Step outside the whole transgender issue for the moment (I know that's hard, what with bathrooms and multinational corporations dictating our social values* and all that, but work with me here) and look at that huge point. What everyone else in the world says no longer matters, and we have adopted an uneasy agreement with that as a society because...well, because we can't think of a killer counterargument off the top of our heads.  Americans love liberty, and this seems to be personal rather than governmental...(but we think this may be nuts.  Haven't we got something in the jar where we can stop them?)  Libertarians may like the general idea of it - though I'll bet there's some queasiness about complete divorce from community connection. And conservatives have winced and held the communitarians at arm's length even as they agreed with parts of their program, because it seems to lead to socialism and stuff. But on this issue, the communitarians are suddenly hundreds of meters away, their full stadium dark and puzzled.

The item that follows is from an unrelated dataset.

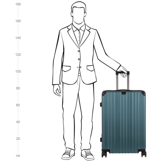 Чемодан на четырех прорезиненных колесиках. Чемодан выполнен из нового легкого материал PC (Поликарбонат). В отличие от ABS-пластика чемоданы из PC можно эксплуатировать при очень низких температурах. PC (Поликарбонат) обладает высокой прочностью, эластичностью и высокой ударостойкостью. Особенностью чемоданов из PC (Поликарбонат) является малый вес. Внутри подкладка из полиэстра. Одна секция чемодана с креплением резинками для одежды. Вторая секция застегивается на молнию для удобства упаковки вещей. Есть кодовый замок TSA.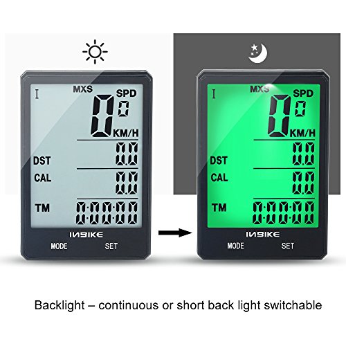 - BACKLIGHT DESIGN - This water resistant biking computer designed with backlight,continuous light and short light 2 modes, makes the display readable all the time when in low light conditions. Perfect for night riding.

Forget the sex.  We have crossed an enormous divide philosophically, and we didn't notice.  Alicia can become Elijah over breakfast, and no one may contradict him. We have long since rejected external organ differences and hormonal differences as irrelevant.  Brain differences, chromosomal differences were obviously going to be of no concern.  Yet those are a small thing, because the camel's nose under the tent is that we now allow everyone to define anything about themselves, in complete contrast to the entire history of human kind. That is nowhere near played out in the practical realms of law and medicine, but here is no longer any philosophical barrier.  Our elevation of sex above everything has blossomed, and is now bearing fruit. The blossoms were lovely, and the fruit is...interesting.

But is it digestible?

*Ah nostalgia!  Only last week that was considered a bad thing by liberals.  Now it is righteous.


james said...

"At the heart of liberty is the right to define one's own concept of existence, of meaning, of the universe, and of the mystery of human life" Kennedy/O'Connor/Souter Planned Parenthood v. Casey, 505 U.S. 833 (29 June 1992)

That didn't come out of nowhere either--this denial that you need to conform yourself to some reality has been percolating behind the scenes for some time.

I know people who are convinced that advance of technology will solve problems of any description--curing the criminal, uploading your mind to a computer to avoid death--anything you can think of, we'll find a way. I wonder how much our real technological advances coupled with sci-fi and hype contribute to the attitude.

Earl Wajenberg said...

A few months ago, there was Rachel Dolezal, that white woman who had been passing herself off as black, claiming a similar act of self-definition when outed. Interestingly, that doesn't seem to have gone over well. I think perhaps that she didn't put in enough suffering.

I wonder what identity quirk will present itself next? "Other-kin," who feel they have the souls of various animals? Asexuals demanding to be referred to as "it"? People with body dysmorphia, I think it's called, some of whom demand to be relieved of their excess hands and legs?